Heroes And Villains: Mallorca's hoteliers

The regional tourism minister, Jaime Martínez, remarked the other day that, though Mallorca's main hotelier groups were investing heavily in overseas markets, they were still also investing in Mallorca. If one were being cynical, one could consider this final clause to be a defence against a widely levelled accusation: that these main hoteliers are far more interested in developments in foreign lands than in ones in their own small land.

Quite clearly the hoteliers are investing in Mallorca. Meliá we know all about, but of others? Well, Iberostar has been spending a pretty centimo or two in Cala Millor and Playa de Palma, where Riu is likewise engaged in putting up investment cash. There are plenty of other examples. But for any one or two investments on the island, greater investment activity abroad can be pointed to. To take Riu as an example, between 2014 and 2016 it will have invested in, had built or acquired hotels in Aruba, Mauritius, Morocco, Tunisia, Sri Lanka and New York, to say nothing of developments in Bulgaria and Tenerife. Though Riu has decided to abandon Cuba, its large fellow Mallorcan players are quite happy to take a deeper plunge in the scramble for the Castro-lite Cuba, now undergoing a relationship normalisation with the White House.

All of this overseas activity is, therefore, picked up on and used as evidence for the prosecution in damning the large hoteliers for seeking ever greater riches on foreign shores and leaving poor Mallorca to a slow death of comparative lack of quality and investment. How can these companies, these Mallorcans do such a thing?

It's all nonsense of course. Mallorca's "Big Four" (Meliá, Riu, Iberostar, Barceló) and some of the smaller pretenders to this quartet are global businesses. The clue to their interest in foreign investment lies with the adjective. Global businesses don't become global businesses by channelling all their wealth into markets with limited (very limited) scope for growth; and Mallorca offers very limited scope, especially for new developments. They act in accordance with principles of growth that are relevant to any industry: if you have built a strong home market with limited further opportunity, then you look elsewhere, especially when the industry you serve - tourism - is as avaricious for new destinations as it is.

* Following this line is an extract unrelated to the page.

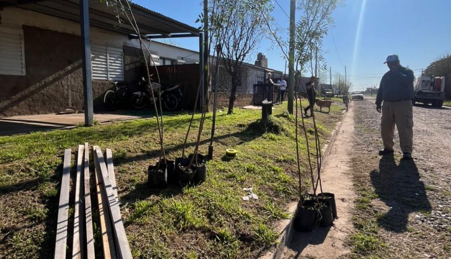 En esta oportunidad, a través del área de Medio Ambiente, se inició la plantación de ejemplares de árboles aptos para veredas en distintos barrios del distrito, una acción que busca no sólo embellecer los espacios urbanos, sino también generar más sombra, mejorar la calidad del aire y acompañar el crecimiento ordenado de los servicios urbanos.

Do Mallorcans (and indeed foreign residents living in Mallorca) love the Big Four and the other large hoteliers? Those who are employed by them or who have businesses that supply them would probably say yes. But as for everyone else?

The people who criticise the apparent neglect of Mallorca in favour of global development are probably among the ones who also harangue the hoteliers for their opposition to the private holiday accommodation sector. The hoteliers are, therefore, damned whatever they do. Invest much more heavily in Mallorca, and they'll get slammed for their attempts to further dominate the island's accommodation market and for being the sole beneficiaries of Delgado-Martínez Law, i.e. the 2012 tourism bill. Plough millions upon millions into some desert island, and they are branded traitors on account of their imperialist ambitions at the expense of little old Mallorca. And, to compound the apparent felony of imperialism, it is these very hotel groups which have exported know-how that has enabled other destinations to grow. Treachery.

The Big Four and others should be businesses of which Mallorcans can be proud. They are Mallorca internationally. But the pride seems reserved, while often there is little or no pride; only antagonism. It is a pity. These are businesses which haven't got where they are by luck. They are pretty damn good at what they do, and when puerile remarks are made along the lines of the "Mallorcans don't know what they're doing" (in terms of tourism), then perhaps those who make such remarks should spend a bit of time studying the histories of the leading hotel chains.

All this overseas activity casts the hoteliers in a type of ambassadorial role. Meliá's Gabriel Escarrer, for one, believes that the hotel chain's presence in some forty countries helps to enhance Spain's brand internationally. Consequently, global growth over some three decades has led to a reciprocal benefit for Spain in drawing visitors attracted by values of service, culture and lifestyle inherent to the Meliá brand.

But then, perhaps this is, for some Mallorcans, a different problem. Globalisation has assisted the Spanish brand, not that of Mallorca. The hoteliers are thus cast in a different role, that of being "españolistas" and not "nationalistas" (Mallorcan ones, that is).

Maybe the lack of love boils down to a simple dislike of big business - and the hoteliers are Mallorca's big business - and to a more fundamentalist disapproval of the changes that have been wrought by tourism business. Or perhaps it's simpler still. Plain jealousy. There are a few seriously wealthy families in Mallorca, and it doesn't take much to figure out which ones they are.